Capstone Project

Leandro Jimenez

This presentation is a comprehensively explanation of a predicting the next word.

The application is the capstone project for the Coursera Data Science specialization

Goal

The main objective of this project is to build a brilliant application to predict the next word and show the result, which means the next word after typing a phrase

This exercise was divided in seven weeks which encourages us to the cleaning, the exploratory analysis and mainly the creation of a predictive model to put into practice the knowledge that I have acquired during this amazing specialization .

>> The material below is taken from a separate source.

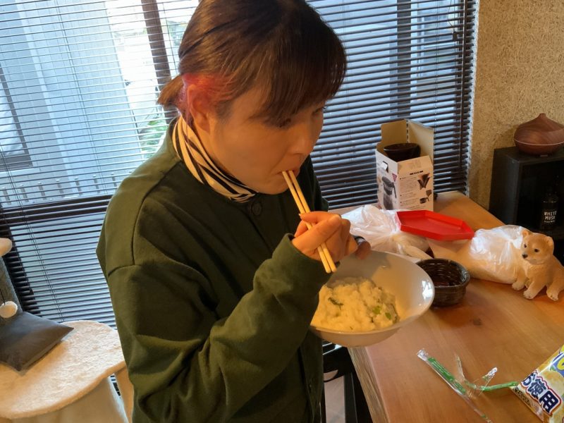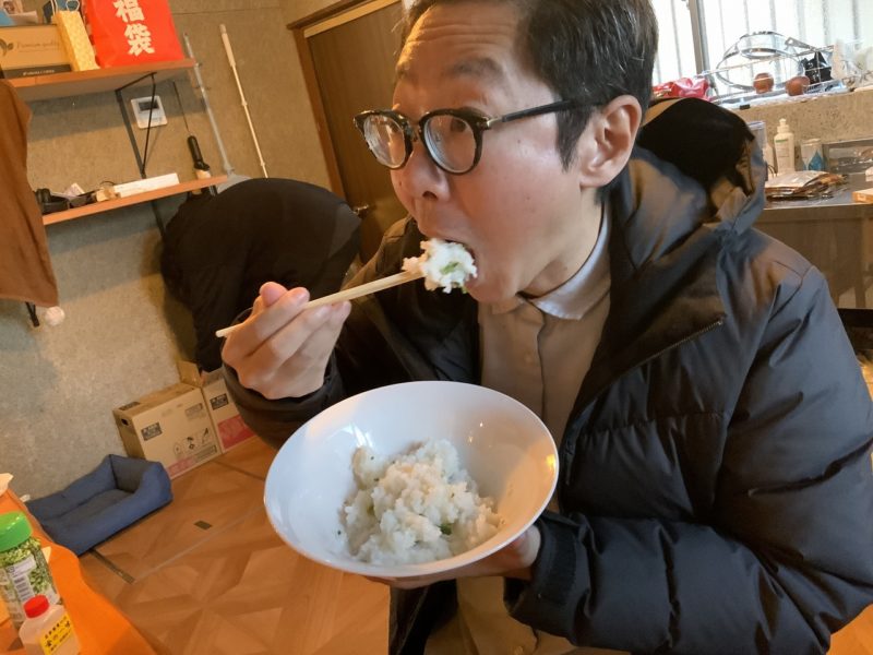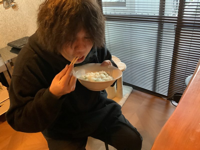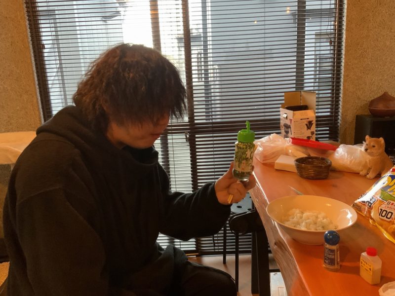 最後に、しゅん。彼はみんなの反応を見て自前のドライネギと岩塩、金の一味を入れ始めました。

All text data that is used to create a frequency dictionary. Then, the prediction comes from a corpus called HC Corpora using well-known R packages

About Methods & Models

After creating the data sets of the data from three resources of Corpora of HC, the data was cleaned, eliminating:

  • punctuation - links - white space - numbers and others

This data sample was then tokenized into the so-called n-grams.

It was created data set of frequency matrices have been transferred to frequency dictionaries of bi-, tri-, and quadgram to each data set.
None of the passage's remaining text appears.